* [Exercise data]

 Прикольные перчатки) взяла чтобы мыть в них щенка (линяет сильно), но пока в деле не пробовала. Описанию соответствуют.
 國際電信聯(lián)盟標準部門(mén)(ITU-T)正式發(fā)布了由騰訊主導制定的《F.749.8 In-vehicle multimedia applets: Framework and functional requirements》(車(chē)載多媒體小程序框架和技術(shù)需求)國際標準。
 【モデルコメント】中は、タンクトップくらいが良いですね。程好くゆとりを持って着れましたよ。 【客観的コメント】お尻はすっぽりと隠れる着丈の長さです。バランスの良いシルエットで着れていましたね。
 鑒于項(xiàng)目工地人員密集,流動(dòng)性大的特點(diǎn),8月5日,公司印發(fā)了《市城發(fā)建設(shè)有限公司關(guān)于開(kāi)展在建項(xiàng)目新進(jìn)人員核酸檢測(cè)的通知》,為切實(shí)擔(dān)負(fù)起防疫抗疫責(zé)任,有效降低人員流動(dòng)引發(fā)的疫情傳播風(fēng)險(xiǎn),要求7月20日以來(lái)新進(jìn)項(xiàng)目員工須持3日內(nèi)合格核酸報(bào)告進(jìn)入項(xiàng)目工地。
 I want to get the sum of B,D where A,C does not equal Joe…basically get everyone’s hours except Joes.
* * *
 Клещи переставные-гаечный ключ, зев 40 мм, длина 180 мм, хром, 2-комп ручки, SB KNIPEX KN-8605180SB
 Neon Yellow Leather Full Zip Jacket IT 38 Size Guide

* [Brief]
The lines to extract from the data above begin with the line containing "and functional requirements》(車(chē)載多媒體小程序框架和技術(shù)需求)國際標準。" and end with the line containing "I want to get". Extract them exactly, including both.

* [Answer section]
 國際電信聯(lián)盟標準部門(mén)(ITU-T)正式發(fā)布了由騰訊主導制定的《F.749.8 In-vehicle multimedia applets: Framework and functional requirements》(車(chē)載多媒體小程序框架和技術(shù)需求)國際標準。
 【モデルコメント】中は、タンクトップくらいが良いですね。程好くゆとりを持って着れましたよ。 【客観的コメント】お尻はすっぽりと隠れる着丈の長さです。バランスの良いシルエットで着れていましたね。
 鑒于項(xiàng)目工地人員密集,流動(dòng)性大的特點(diǎn),8月5日,公司印發(fā)了《市城發(fā)建設(shè)有限公司關(guān)于開(kāi)展在建項(xiàng)目新進(jìn)人員核酸檢測(cè)的通知》,為切實(shí)擔(dān)負(fù)起防疫抗疫責(zé)任,有效降低人員流動(dòng)引發(fā)的疫情傳播風(fēng)險(xiǎn),要求7月20日以來(lái)新進(jìn)項(xiàng)目員工須持3日內(nèi)合格核酸報(bào)告進(jìn)入項(xiàng)目工地。
 I want to get the sum of B,D where A,C does not equal Joe…basically get everyone’s hours except Joes.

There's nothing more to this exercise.